In Re Thiel
446 B.R. 434
Bankr. D. Idaho2011Background
- Debtors Michael and Stefanie Thiel filed a joint Chapter 13 petition on February 26, 2010.
- Form 22C indicated total joint monthly income of $12,690.65, placing them above the median for a family of six and establishing a 60-month commitment period.
- Form 22C calculated disposable income at $1,102.70 per month.
- Debtors proposed a plan funding of $93,688 total, with initial payments of $304/month and later varying payments totaling over 60 months.
- Trustee objected to confirmation under §1325(b)(1)(B); Debtors invoked Lanning and Ransom to justify departing from Form 22C but the court must decide if this is permissible.

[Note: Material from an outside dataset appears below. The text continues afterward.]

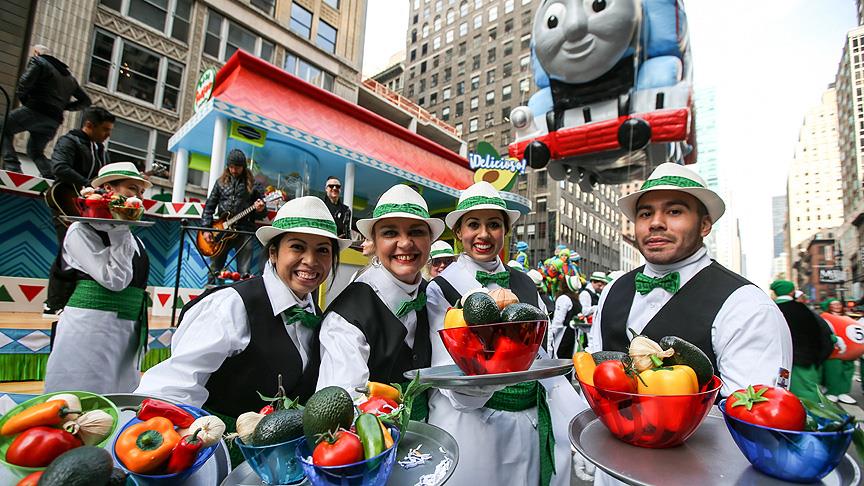 "Sünger Bob," "Snoopy" ve "Hello Kitty" gibi ünlü çizgi film karakterlerini temsil eden dev balonların renk kattığı yürüyüşü, yaklaşık 3 milyon kişi Manhattan sokaklarında izledi.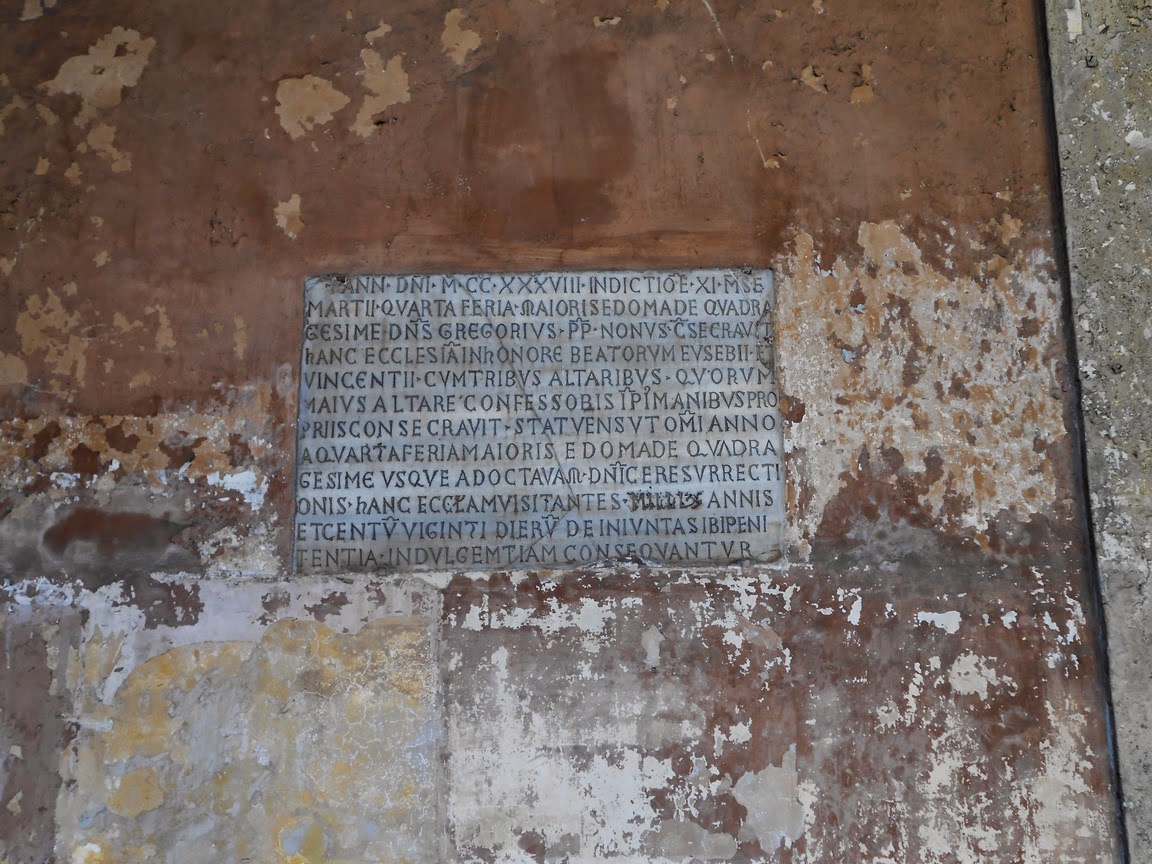 | This plaque in the portico notes that Pope Gregory IX (1227-1241) consecrated the church on the day of the Lenten Station in 1238. (March 19th) |

- The court ultimately denied confirmation, holding that Form 22C must be used consistent with the statutory framework and that the plan did not provide sufficient projected disposable income to unsecured creditors.
Issues
| Issue | Plaintiff's Argument | Defendant's Argument | Held |
|---|---|---|---|
| Whether Form 22C may be disregarded in favor of schedules I and J to determine disposable income. | Thiel argues Lanning permits a forward-looking, schedules-based calculation. | Trustee contends Lanning does not justify discarding Form 22C; Ransom confirms standardized means test. | No; Form 22C must be followed in determining disposable income. |
| Whether Ransom requires adherence to the standard means test rather than schedules I and J for above-median debtors. | Thiel asserts Ransom allows using actual expenses beyond the standard if known or virtually certain. | Trustee argues Ransom preserves the statutory formula and its standard deductions. | Ransom supports sticking to the standardized formula and its allowances. |
| Whether the Plan provides sufficient funding after applying the means test and priority claims. | Debtors claim available funds for unsecured creditors via projections in schedules I and J. | Trustee maintains the plan is underfunded after secured and administrative expenses. | Plan is not confirmable because funds available to unsecured creditors are insufficient. |
| Whether Lanning’s forward-looking approach overrides BAPCPA means-test requirements. | Debtors rely on Lanning to adjust for anticipated changes in income/expenses. | Court should apply Lanning narrowly and in harmony with Ransom and §1325(b). | Lanning cannot override the current statute in favor of a broad, schedules-based adjustment. |
| Whether the tax debt problems independently bar confirmation. | Tax debts reduce feasible distribution to unsecured creditors. | Not dispositive if plan funding were adequate. | Tax claim treatment further undermines confirmation given underfunding. |
Key Cases Cited
- Hamilton v. Lanning, 130 S. Ct. 2464 (2010) (forward-looking disposable income permitted for known or virtually certain changes)
- Ransom v. FIA Card Services, N.A., 131 S. Ct. 716 (2011) (plain language of means test; use standard deduction even if nonstandard actual costs)
- Maney v. Kagenveama (In re Kagenveama), 541 F.3d 868 (9th Cir. 2008) (pre-BAPCPA case referenced by Lanning context; overruled in part by Lanning/Ransom)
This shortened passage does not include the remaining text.